What you will do.
From the records that follow, return exactly the lines beginning at the one that contains "The painting is" and ending at the one that contains "- Claim Tracking", pictures left out.

Data excerpts.

===

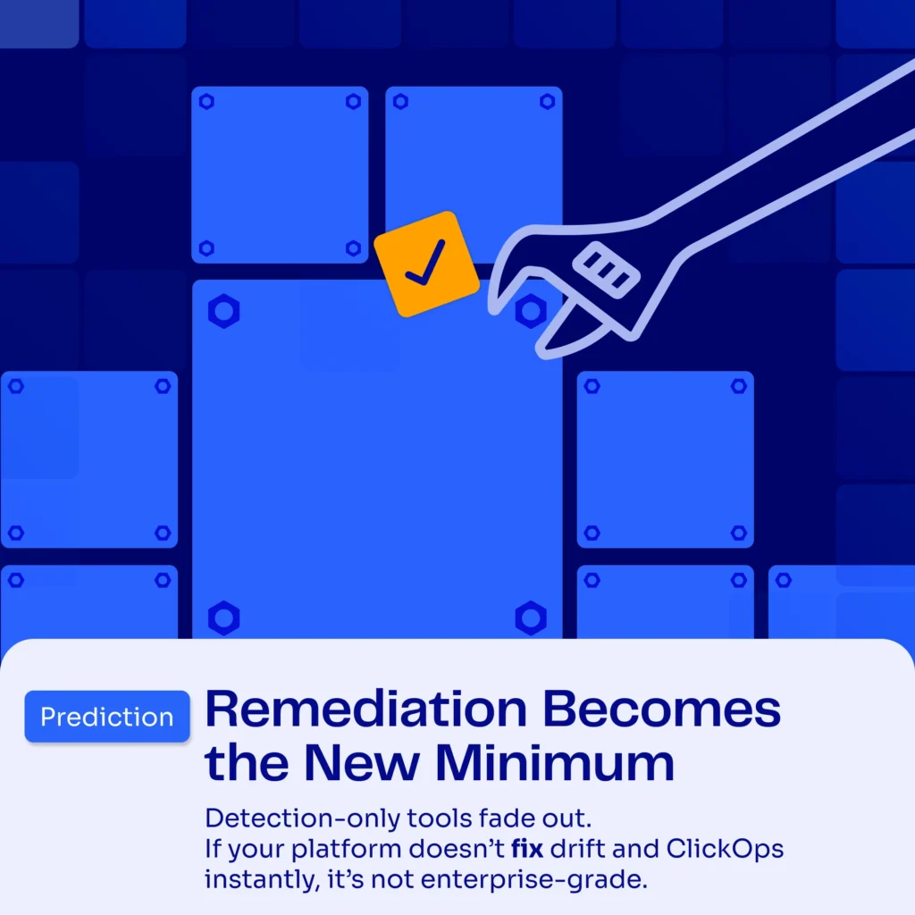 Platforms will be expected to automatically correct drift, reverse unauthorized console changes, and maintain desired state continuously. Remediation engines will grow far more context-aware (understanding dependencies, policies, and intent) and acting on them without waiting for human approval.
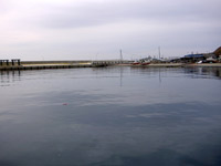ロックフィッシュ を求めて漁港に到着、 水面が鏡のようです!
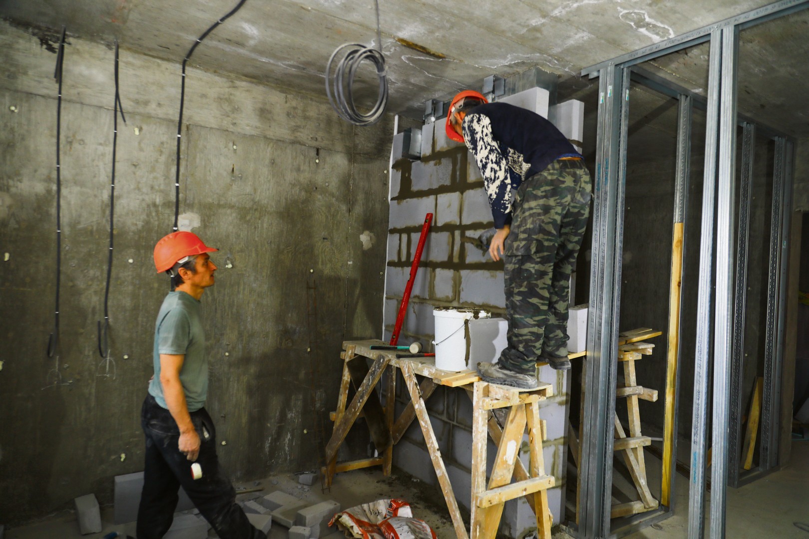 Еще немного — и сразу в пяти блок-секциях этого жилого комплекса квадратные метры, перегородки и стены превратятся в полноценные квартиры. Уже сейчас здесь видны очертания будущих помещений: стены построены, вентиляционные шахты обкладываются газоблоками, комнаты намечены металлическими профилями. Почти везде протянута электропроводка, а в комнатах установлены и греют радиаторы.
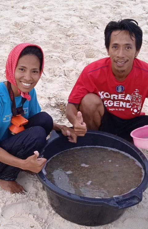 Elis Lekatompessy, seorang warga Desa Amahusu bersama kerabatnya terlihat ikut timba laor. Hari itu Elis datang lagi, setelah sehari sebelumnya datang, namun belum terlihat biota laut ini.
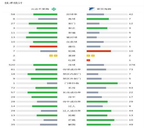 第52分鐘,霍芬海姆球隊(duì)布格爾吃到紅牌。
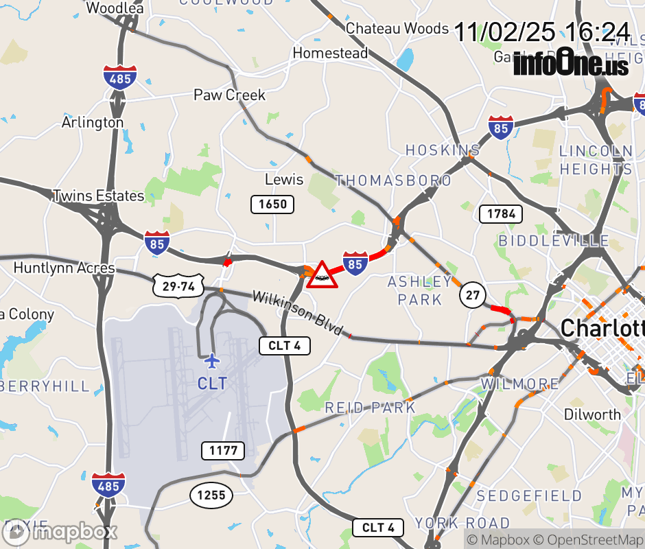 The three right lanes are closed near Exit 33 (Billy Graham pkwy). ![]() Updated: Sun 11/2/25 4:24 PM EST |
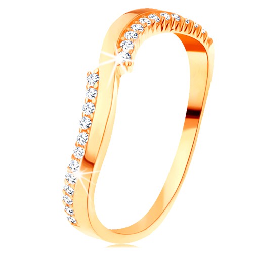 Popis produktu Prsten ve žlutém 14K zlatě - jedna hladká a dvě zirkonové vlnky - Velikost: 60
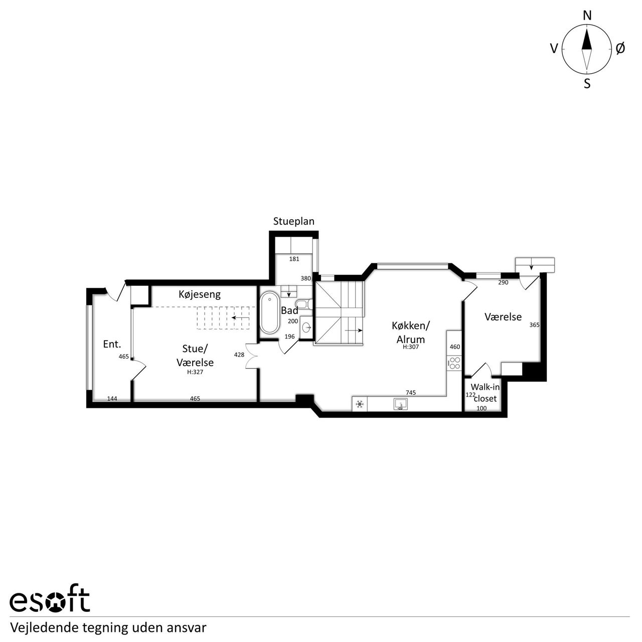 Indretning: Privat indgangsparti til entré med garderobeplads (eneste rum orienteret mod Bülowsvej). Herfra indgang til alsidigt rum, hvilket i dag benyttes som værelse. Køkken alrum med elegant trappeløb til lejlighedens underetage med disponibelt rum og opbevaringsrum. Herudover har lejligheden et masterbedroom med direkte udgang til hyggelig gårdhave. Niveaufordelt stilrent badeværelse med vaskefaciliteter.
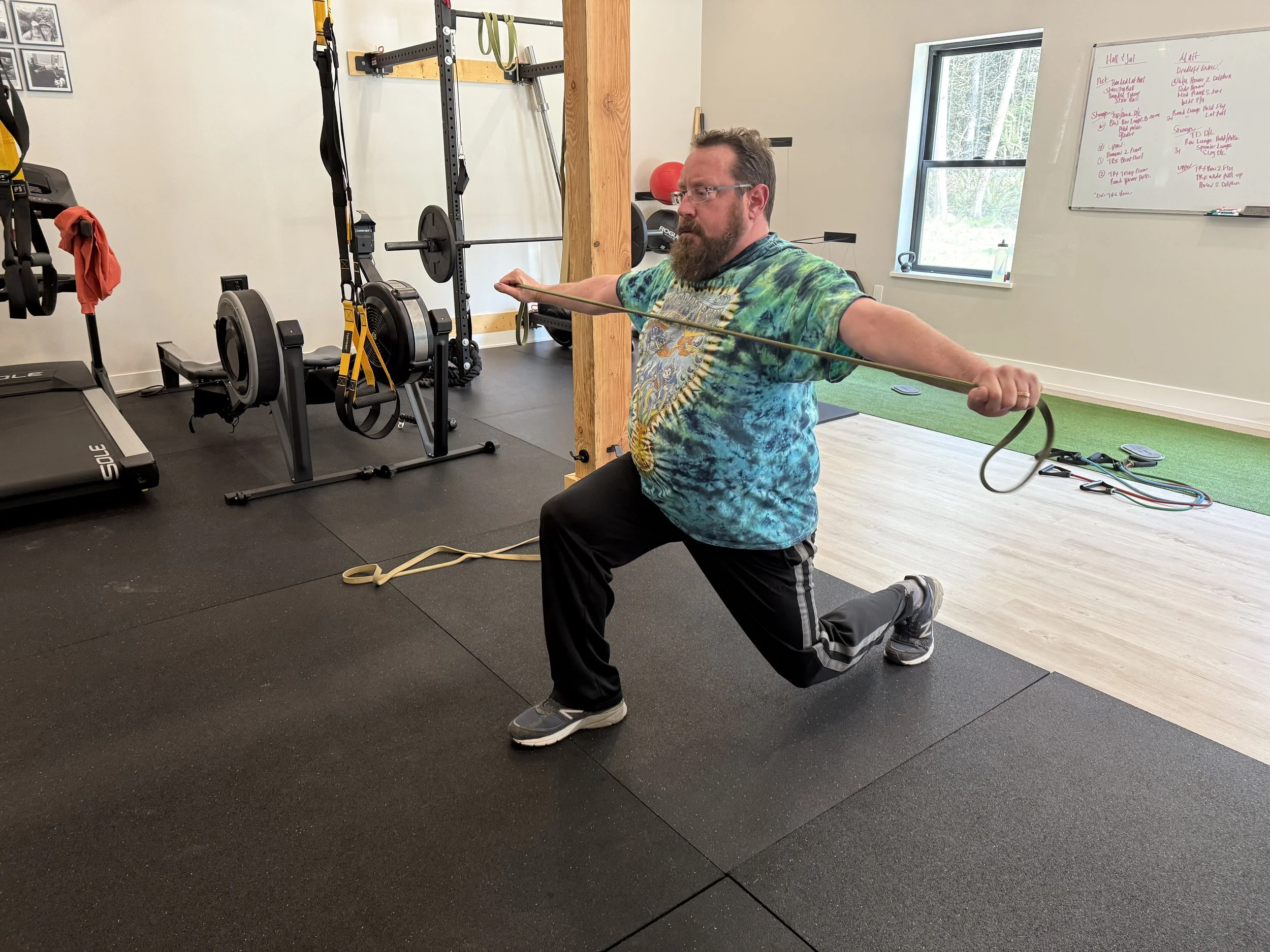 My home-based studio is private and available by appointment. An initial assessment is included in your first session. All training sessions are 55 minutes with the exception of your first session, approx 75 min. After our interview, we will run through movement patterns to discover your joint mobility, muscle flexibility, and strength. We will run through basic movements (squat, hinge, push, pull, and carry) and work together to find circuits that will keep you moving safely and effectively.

===

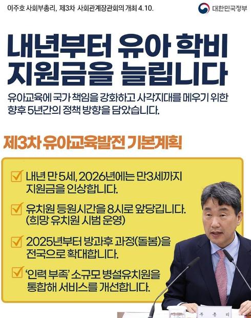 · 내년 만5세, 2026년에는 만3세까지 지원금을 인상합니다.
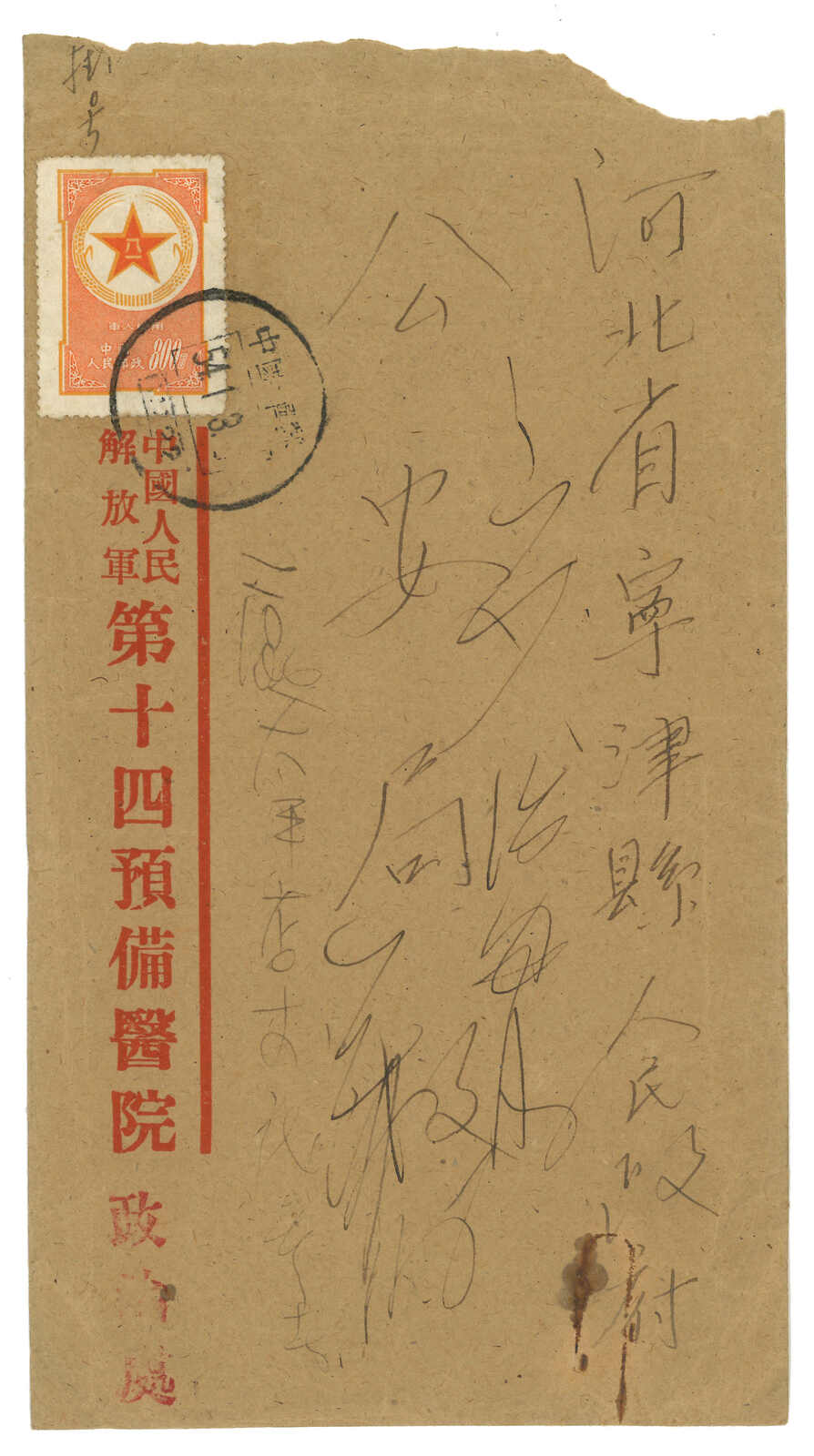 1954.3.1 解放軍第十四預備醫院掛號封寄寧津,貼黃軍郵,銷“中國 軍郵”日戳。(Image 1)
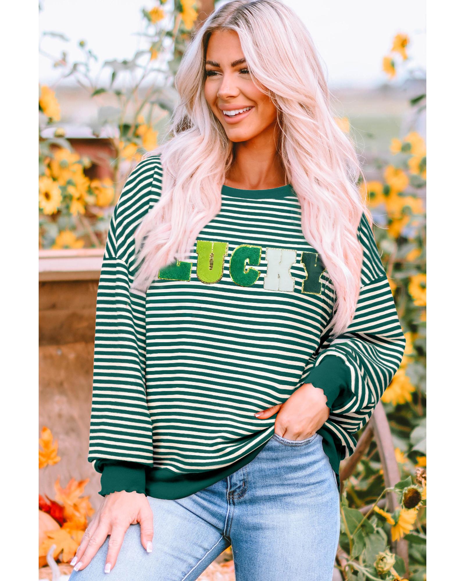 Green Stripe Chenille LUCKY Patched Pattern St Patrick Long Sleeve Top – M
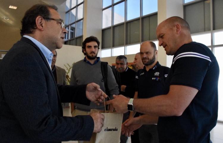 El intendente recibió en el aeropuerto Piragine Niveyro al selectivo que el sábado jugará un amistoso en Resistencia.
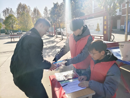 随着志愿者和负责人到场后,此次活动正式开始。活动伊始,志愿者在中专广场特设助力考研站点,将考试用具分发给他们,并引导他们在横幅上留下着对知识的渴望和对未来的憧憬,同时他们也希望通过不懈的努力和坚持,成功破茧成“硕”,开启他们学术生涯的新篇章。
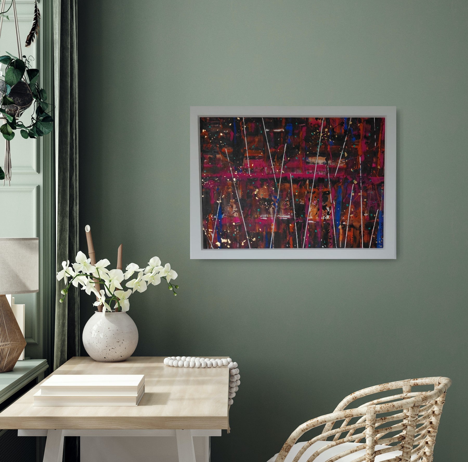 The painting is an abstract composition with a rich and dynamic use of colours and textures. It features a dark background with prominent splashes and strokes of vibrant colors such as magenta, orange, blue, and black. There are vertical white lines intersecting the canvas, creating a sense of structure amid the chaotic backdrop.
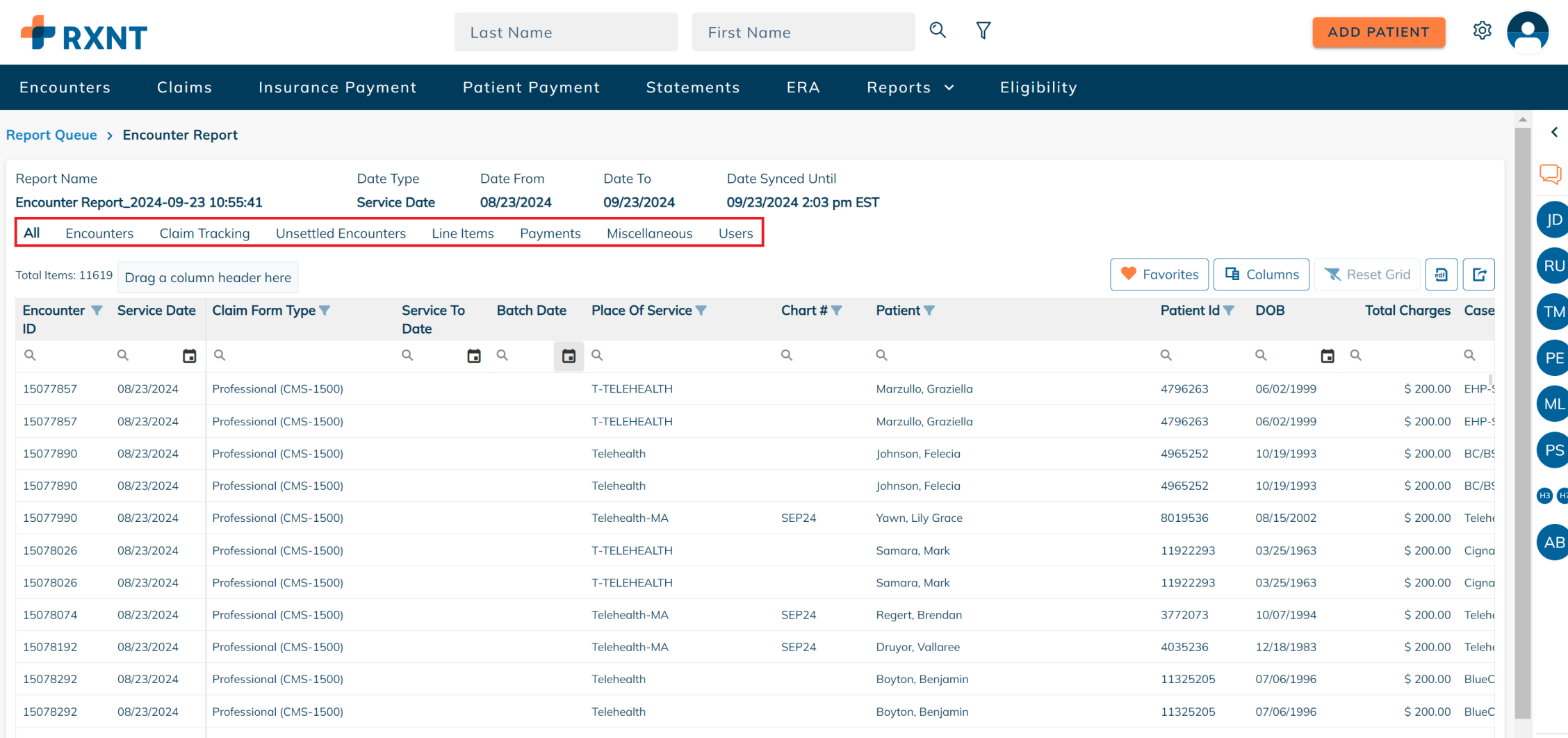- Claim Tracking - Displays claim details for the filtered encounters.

===

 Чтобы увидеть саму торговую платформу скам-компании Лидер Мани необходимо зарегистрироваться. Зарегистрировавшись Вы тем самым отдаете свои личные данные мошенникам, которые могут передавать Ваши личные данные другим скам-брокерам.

===

Answer box.
 The painting is an abstract composition with a rich and dynamic use of colours and textures. It features a dark background with prominent splashes and strokes of vibrant colors such as magenta, orange, blue, and black. There are vertical white lines intersecting the canvas, creating a sense of structure amid the chaotic backdrop.
- Claim Tracking - Displays claim details for the filtered encounters.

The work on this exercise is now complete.